- **Saved data entries**:

▼

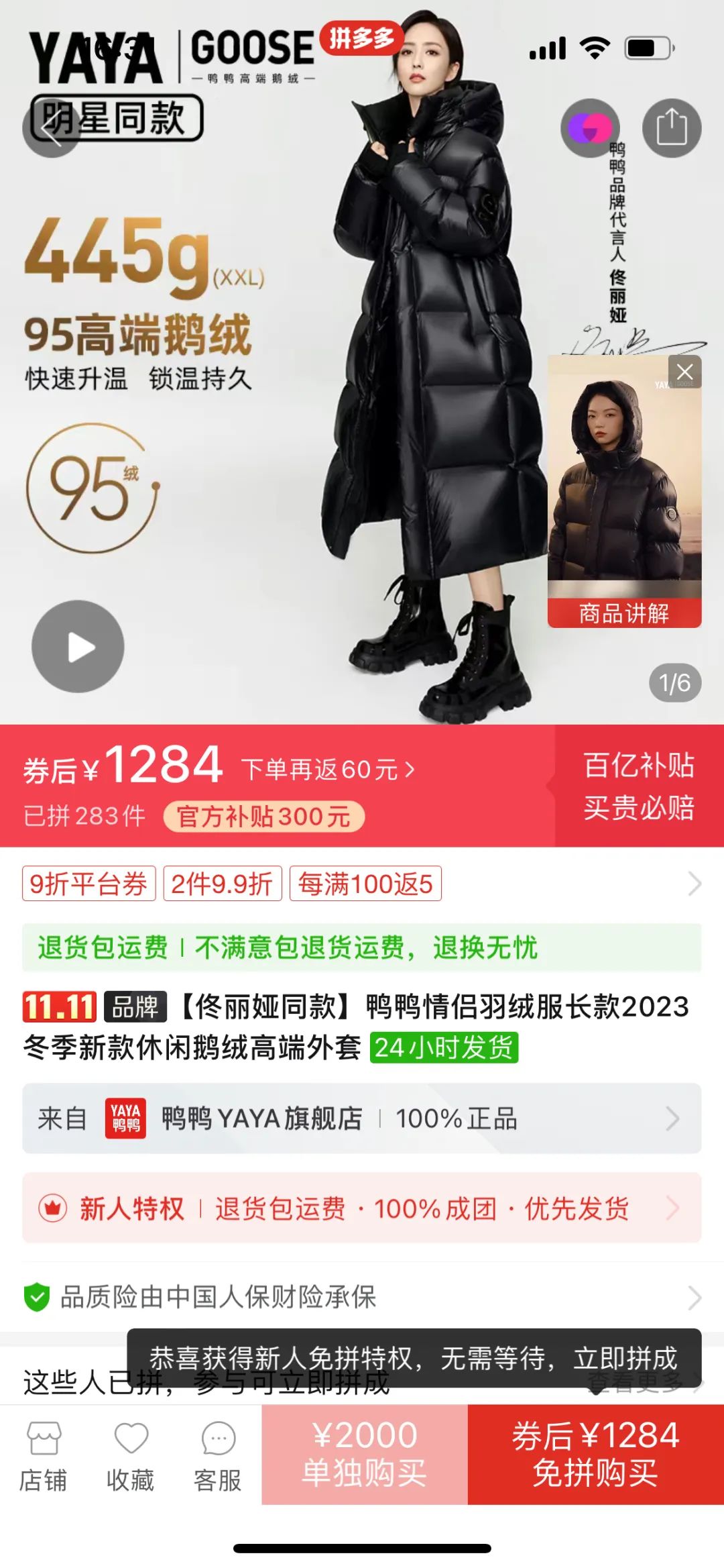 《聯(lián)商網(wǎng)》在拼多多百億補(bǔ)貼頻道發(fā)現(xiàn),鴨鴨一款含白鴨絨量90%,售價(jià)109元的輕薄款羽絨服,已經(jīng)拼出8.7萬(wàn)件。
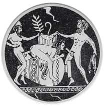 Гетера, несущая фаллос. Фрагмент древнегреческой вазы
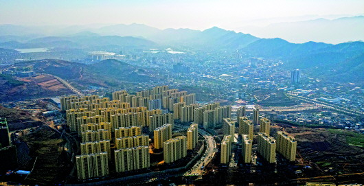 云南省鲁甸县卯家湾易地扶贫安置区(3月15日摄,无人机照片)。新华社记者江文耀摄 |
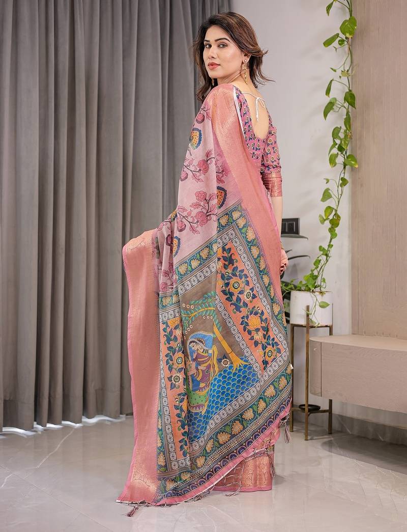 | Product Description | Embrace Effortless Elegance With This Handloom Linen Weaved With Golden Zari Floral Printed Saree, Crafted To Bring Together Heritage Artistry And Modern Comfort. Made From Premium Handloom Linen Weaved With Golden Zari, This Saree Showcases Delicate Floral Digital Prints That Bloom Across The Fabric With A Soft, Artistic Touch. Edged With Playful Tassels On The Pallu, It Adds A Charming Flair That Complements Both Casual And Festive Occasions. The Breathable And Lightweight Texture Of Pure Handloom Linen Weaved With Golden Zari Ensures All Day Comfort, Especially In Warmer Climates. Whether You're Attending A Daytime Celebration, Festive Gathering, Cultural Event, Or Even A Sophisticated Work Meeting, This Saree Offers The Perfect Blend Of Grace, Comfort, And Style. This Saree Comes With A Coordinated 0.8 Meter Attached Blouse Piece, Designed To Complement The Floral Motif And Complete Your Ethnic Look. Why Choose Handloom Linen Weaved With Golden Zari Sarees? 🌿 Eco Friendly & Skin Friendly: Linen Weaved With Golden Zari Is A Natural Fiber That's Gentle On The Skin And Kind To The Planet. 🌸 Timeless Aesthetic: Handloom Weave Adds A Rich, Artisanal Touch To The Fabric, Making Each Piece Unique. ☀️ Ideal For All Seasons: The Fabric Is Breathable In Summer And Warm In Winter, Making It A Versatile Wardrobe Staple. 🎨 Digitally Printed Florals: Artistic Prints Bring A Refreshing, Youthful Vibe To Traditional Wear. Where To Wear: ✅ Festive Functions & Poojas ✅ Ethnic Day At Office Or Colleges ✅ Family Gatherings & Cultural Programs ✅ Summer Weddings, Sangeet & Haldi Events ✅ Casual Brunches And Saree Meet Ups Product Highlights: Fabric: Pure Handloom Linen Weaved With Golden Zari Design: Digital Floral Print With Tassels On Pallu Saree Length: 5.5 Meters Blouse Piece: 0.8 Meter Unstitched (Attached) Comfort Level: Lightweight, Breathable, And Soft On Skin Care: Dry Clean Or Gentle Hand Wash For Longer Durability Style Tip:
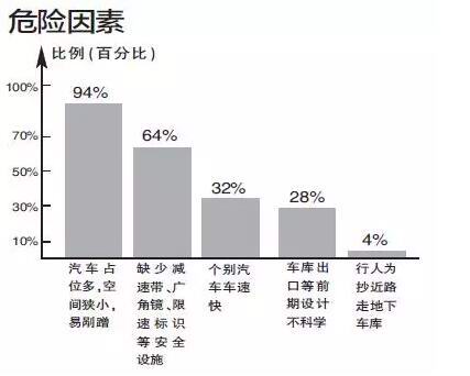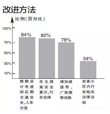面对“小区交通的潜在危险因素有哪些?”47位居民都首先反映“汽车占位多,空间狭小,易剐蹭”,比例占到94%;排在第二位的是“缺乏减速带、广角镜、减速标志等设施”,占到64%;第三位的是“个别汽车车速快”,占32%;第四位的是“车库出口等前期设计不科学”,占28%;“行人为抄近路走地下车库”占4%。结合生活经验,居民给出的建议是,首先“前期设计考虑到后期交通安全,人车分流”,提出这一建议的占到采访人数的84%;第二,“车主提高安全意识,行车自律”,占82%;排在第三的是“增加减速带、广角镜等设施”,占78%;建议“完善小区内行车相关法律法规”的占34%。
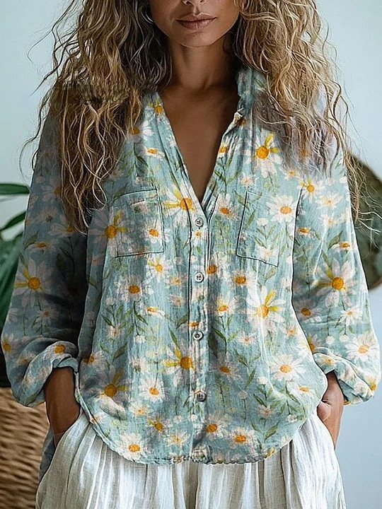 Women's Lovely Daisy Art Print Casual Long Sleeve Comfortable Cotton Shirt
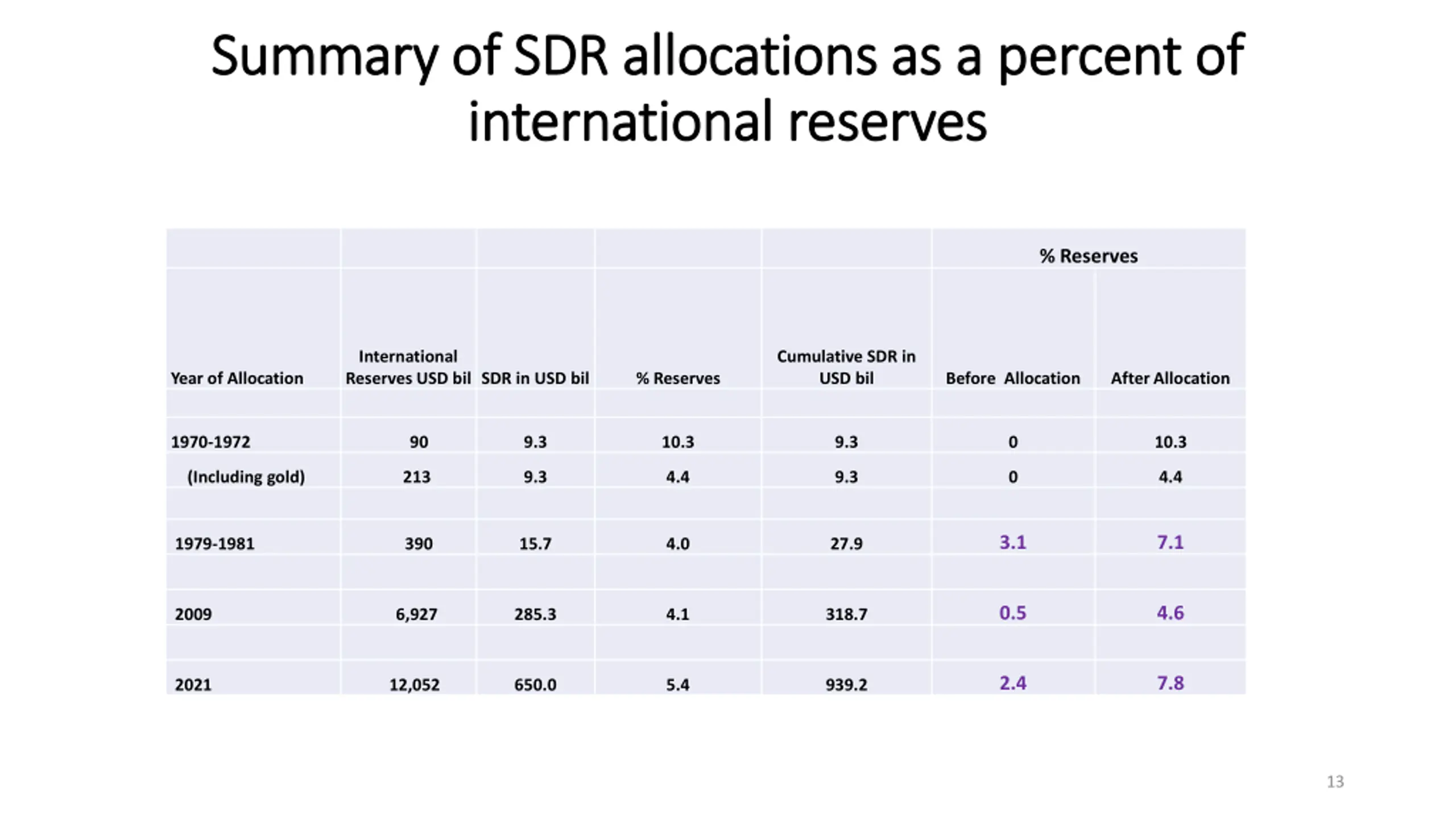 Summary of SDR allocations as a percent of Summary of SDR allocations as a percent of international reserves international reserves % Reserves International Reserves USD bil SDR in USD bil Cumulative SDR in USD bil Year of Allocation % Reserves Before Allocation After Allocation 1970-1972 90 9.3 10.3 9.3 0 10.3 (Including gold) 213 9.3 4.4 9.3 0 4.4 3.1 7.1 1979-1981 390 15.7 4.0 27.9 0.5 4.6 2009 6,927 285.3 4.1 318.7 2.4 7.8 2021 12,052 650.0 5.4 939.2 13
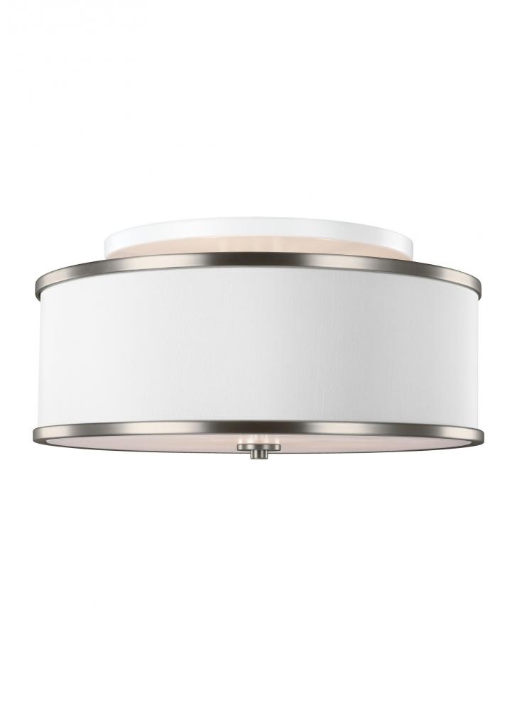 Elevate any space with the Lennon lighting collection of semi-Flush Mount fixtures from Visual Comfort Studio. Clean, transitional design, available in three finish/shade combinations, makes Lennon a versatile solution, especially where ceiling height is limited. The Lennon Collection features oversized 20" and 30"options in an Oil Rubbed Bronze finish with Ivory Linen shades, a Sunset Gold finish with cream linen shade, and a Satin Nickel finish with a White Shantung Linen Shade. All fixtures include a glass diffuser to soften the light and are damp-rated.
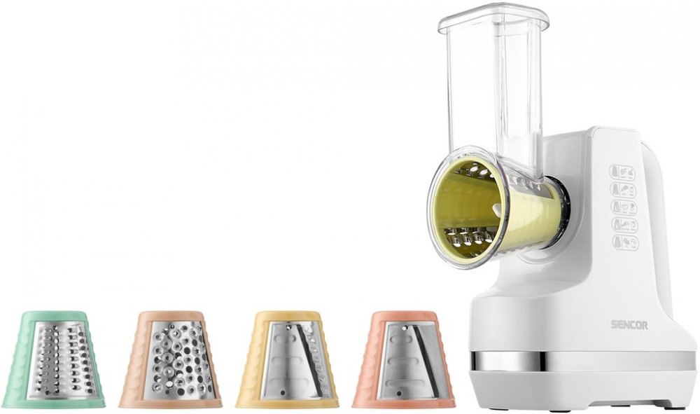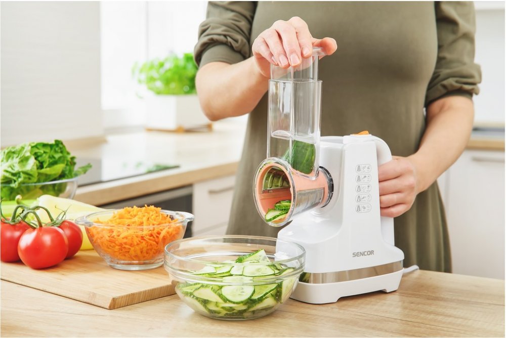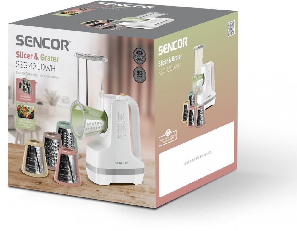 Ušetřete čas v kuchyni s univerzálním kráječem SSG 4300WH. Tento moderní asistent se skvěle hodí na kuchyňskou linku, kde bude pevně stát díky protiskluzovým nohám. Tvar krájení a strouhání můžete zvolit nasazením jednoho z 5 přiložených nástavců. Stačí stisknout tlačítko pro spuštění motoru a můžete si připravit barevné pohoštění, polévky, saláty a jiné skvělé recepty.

▲

- **Work item**: Leave every picture out and write out, word for word, the lines from the one that contains "Elevate any space" through the last line of the records.

- **Answer for the task**:
 Elevate any space with the Lennon lighting collection of semi-Flush Mount fixtures from Visual Comfort Studio. Clean, transitional design, available in three finish/shade combinations, makes Lennon a versatile solution, especially where ceiling height is limited. The Lennon Collection features oversized 20" and 30"options in an Oil Rubbed Bronze finish with Ivory Linen shades, a Sunset Gold finish with cream linen shade, and a Satin Nickel finish with a White Shantung Linen Shade. All fixtures include a glass diffuser to soften the light and are damp-rated.
 Ušetřete čas v kuchyni s univerzálním kráječem SSG 4300WH. Tento moderní asistent se skvěle hodí na kuchyňskou linku, kde bude pevně stát díky protiskluzovým nohám. Tvar krájení a strouhání můžete zvolit nasazením jednoho z 5 přiložených nástavců. Stačí stisknout tlačítko pro spuštění motoru a můžete si připravit barevné pohoštění, polévky, saláty a jiné skvělé recepty.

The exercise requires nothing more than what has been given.